▶ **Task item**: Starting with the opening line of the entries below, transcribe each line exactly up to and including the one that has "the Future home"; pictures are not copied.

▶ **Dataset extract**:
────

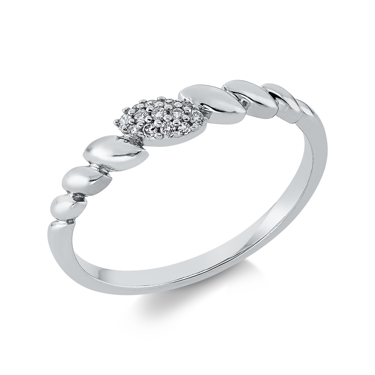 Ring 18 kt GG, Fassung rhodiniert, 13 Brillanten 0,06 ct, TW-si, Weite:54
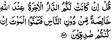 Say: “If the Future home in the presence of Allah be indeed for you especially to the exclusion of the people, then you wish for death, if you be truthful.”
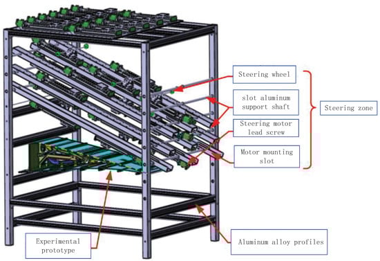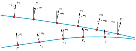 The aerodynamic load acting on the upper skin is equivalent to six loading forces, while the aerodynamic load on the lower skin is equivalent to five loading forces. These 11 equivalent aerodynamic loads are applied to the upper and lower skins of the test prototype using sandbags and steel wires within the loading system. The alignment system’s main function is to keep the equivalent loading forces perpendicular to the skins, as shown in the schematic diagram, Figure 13. It primarily consists of alignment screws and alignment pulleys. To avoid interference between the different equivalent loading forces, the adjustment platform contains three layers of alignment motor screws.
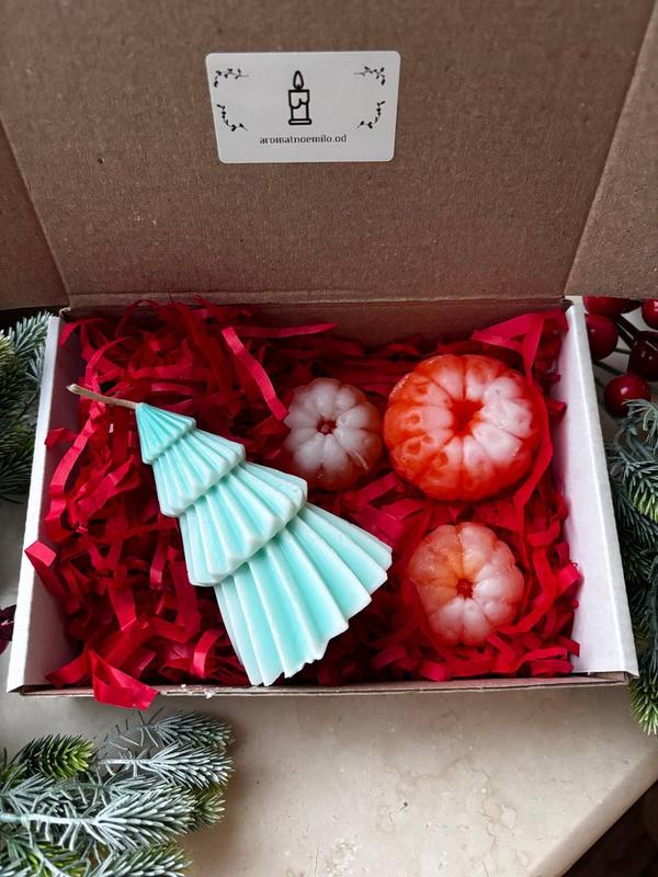 🎁 Подарунковий набір "Новорічна магія" - свічка та мило ручної роботи 🎄 Чудовий святковий набір, який подарує атмосферу тепла та затишку. Ідеальний варіант подарунка для близьких, друзів або колег! 🔹 У набір входить: - 🕯 Свічка ручної роботи у вигляді ялинки - стильний зимовий дизайн, приємний аромат, створює справжнє новорічне диво. - 🍊 3 шт. мила "Мандаринка" ручної роботи - ароматні, яскраві, у формі соковитого мандарина. Натуральний склад і ніжне очищення. 📦 Естетична подарункова упаковка з декоративним наповнювачем. ✨ Ідеально підходить: - для подарунка на Новий рік, Різдво - для святкового декору - для створення новорічного настрою 🔸 Ручна робота 🔸 Натуральні компоненти 🔸 Обмежена серія
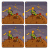 Ο μικρός πρίγκιπας planet, ΣΕΤ x4 Σουβέρ ξύλινα τετράγωνα plywood (9cm)
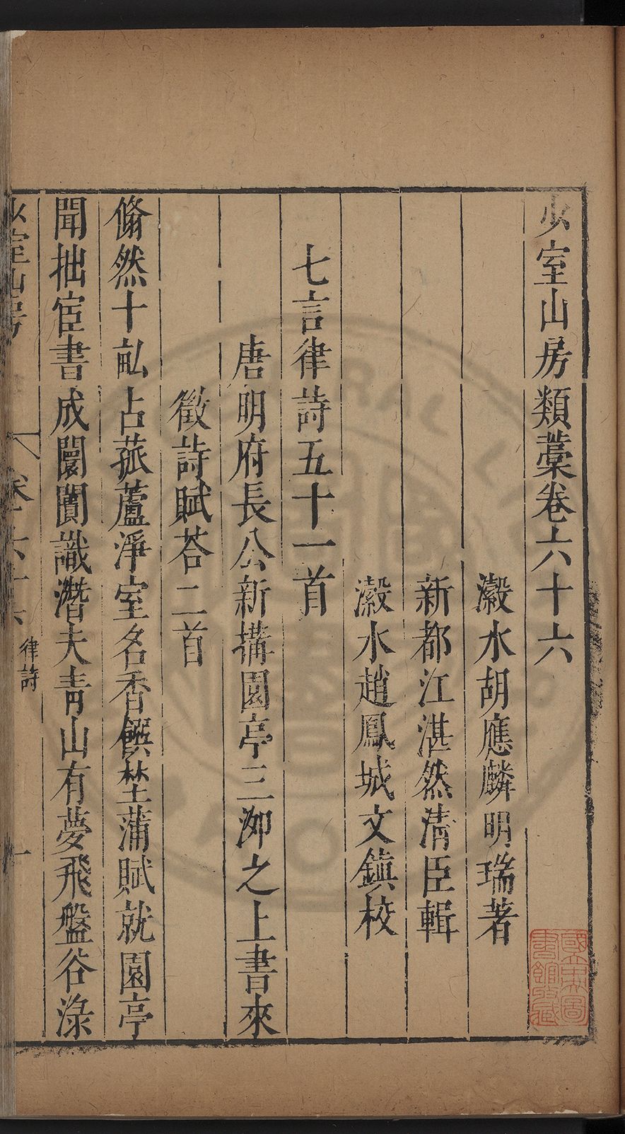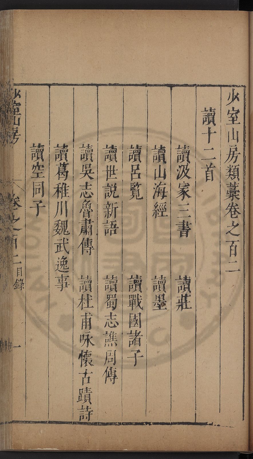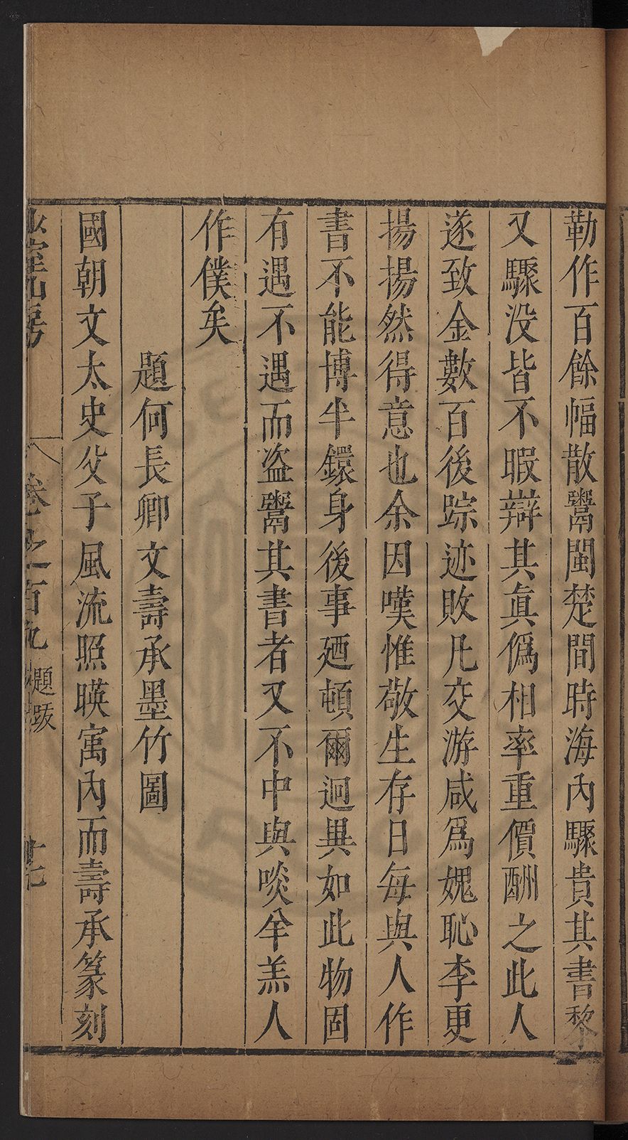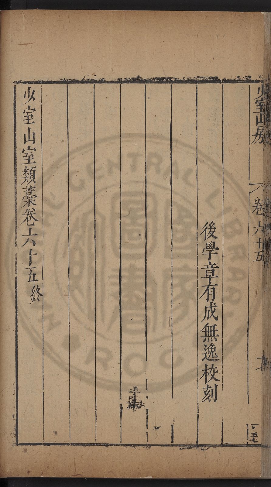(萬曆戊午三月七之日弟幼清啜洞荼分甘趙文鎮園筍扵碧桃花下讐杖百一卷至二十卷完政其字者二十有九刊補□衍者十三字江清臣記)
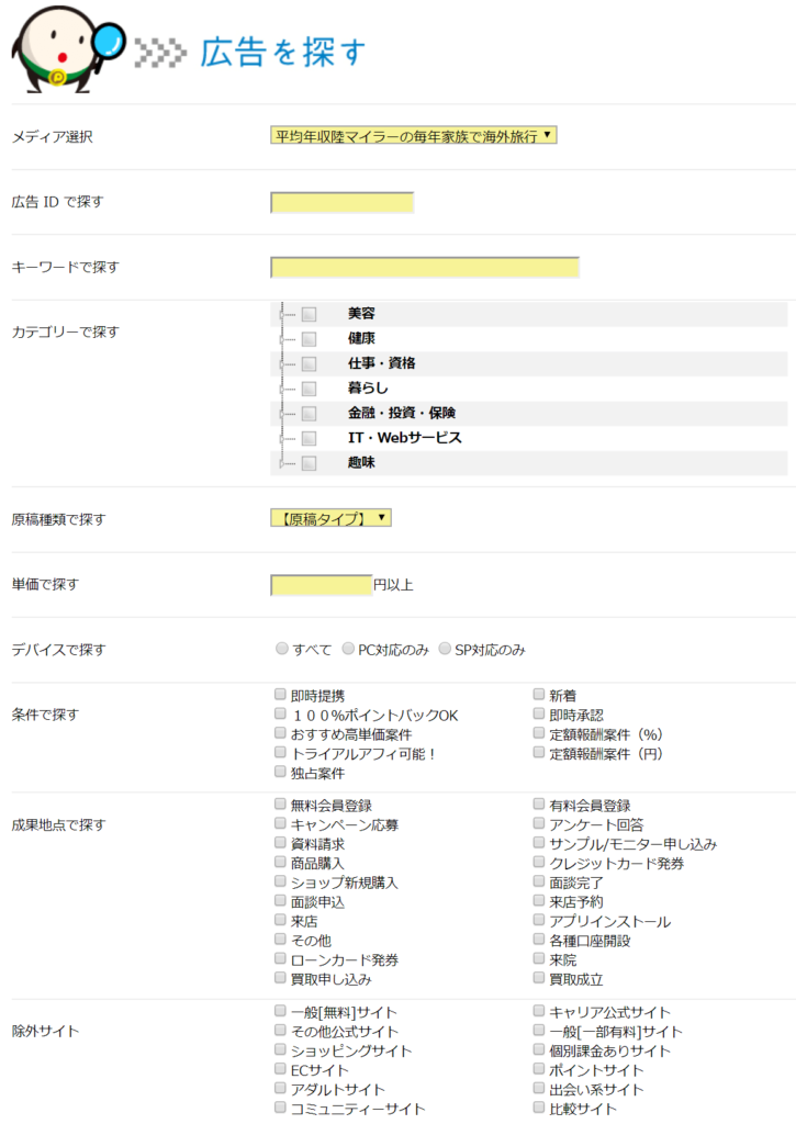 例えば、トライアルアフィ(セルフバック)の広告をピンポイントで探したい場合はその部分をチェックして検索するだけでOKです。
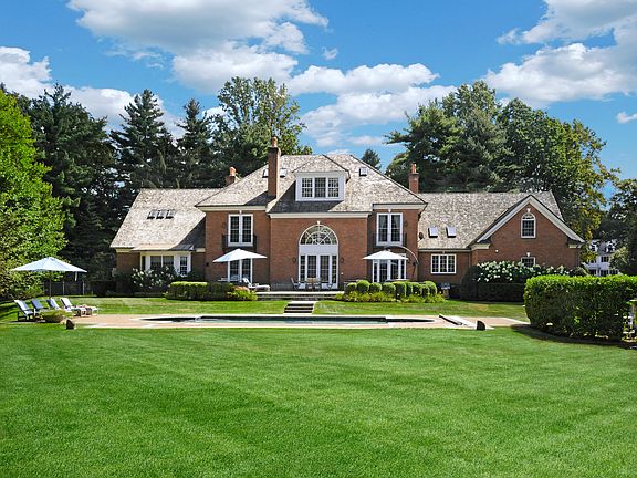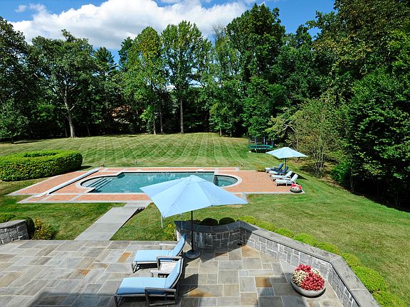 Gracious Brick Georgian Center Hall Colonial in Greenwich, CT running between Round Hill and Riversville Roads, nestled on almost five level and landscaped acres with pool/spa and plenty of green space. Exceptionally designed and detailed with a floor plan to accommodate formal entertaining as well as intimate family gatherings, this Greenwich home is a true delight for luxury living. A grand two story entrance welcomes you in. The kitchen and breakfast room open to the spacious two story family room. The first floor also provides a custom library, and a separate ensuite bedroom and family room. Upstairs you'll find the grand master suite, three ensuite bedrooms and a bonus room with bath. The third floor provides additional living space with a family room, office and bedroom with bath. Located in the private, coveted Sterling Road Association. Minutes to highways and shopping.
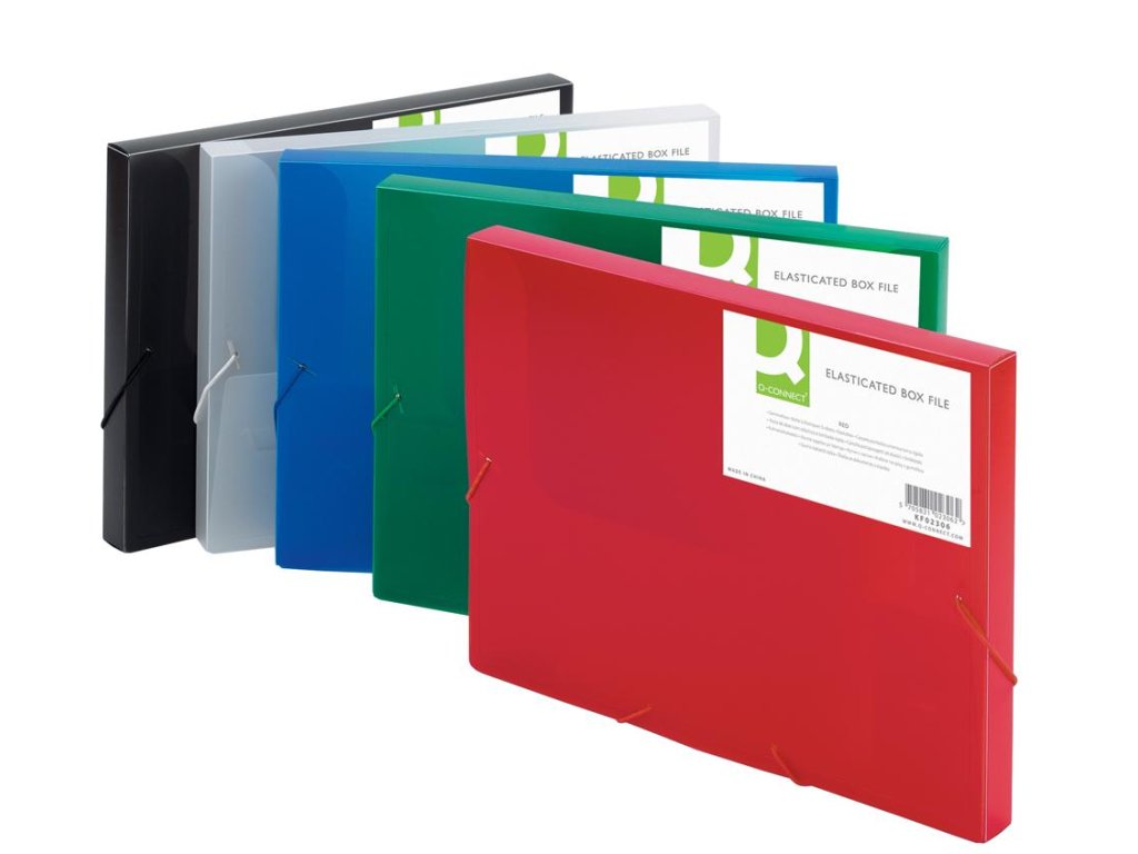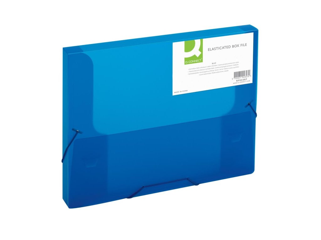 Transparentný plastový box s tromi chlopňami vyrobený z polypropylénu, uzatvárateľný gumičkou. Kapacita 250 listov, šírka chrbta 25 mm. Farba modrá.Dodatočné parametre
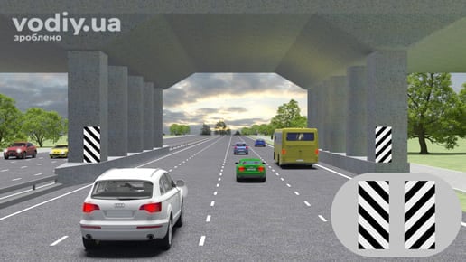 8.5.2 Вертикальна розмітка у вигляді смуг білого і чорного, червоного і білого та жовтого і червоного кольору на дорожніх спорудах та елементах обладнання доріг призначена для зорового орієнтування.
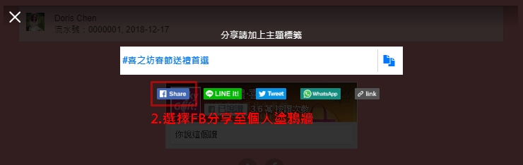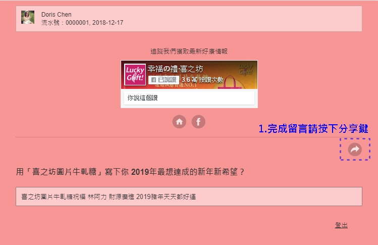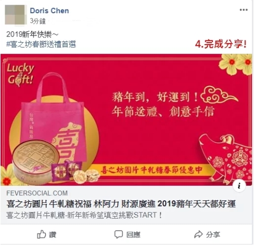 4.完成分享!祝您抽中喜之坊財圓廣進禮盒唷~
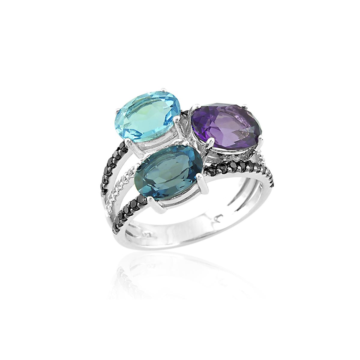 SS AMY / SWISS BLUE TOPAZ / LDN BLUE TOPAZ / SQ / WHITE TOPAZ RING - Size 7 (#9485MUL) TOTAL CT WEIGHT 5.008

────

▶ **Your response**:
 Ring 18 kt GG, Fassung rhodiniert, 13 Brillanten 0,06 ct, TW-si, Weite:54
 Say: “If the Future home in the presence of Allah be indeed for you especially to the exclusion of the people, then you wish for death, if you be truthful.”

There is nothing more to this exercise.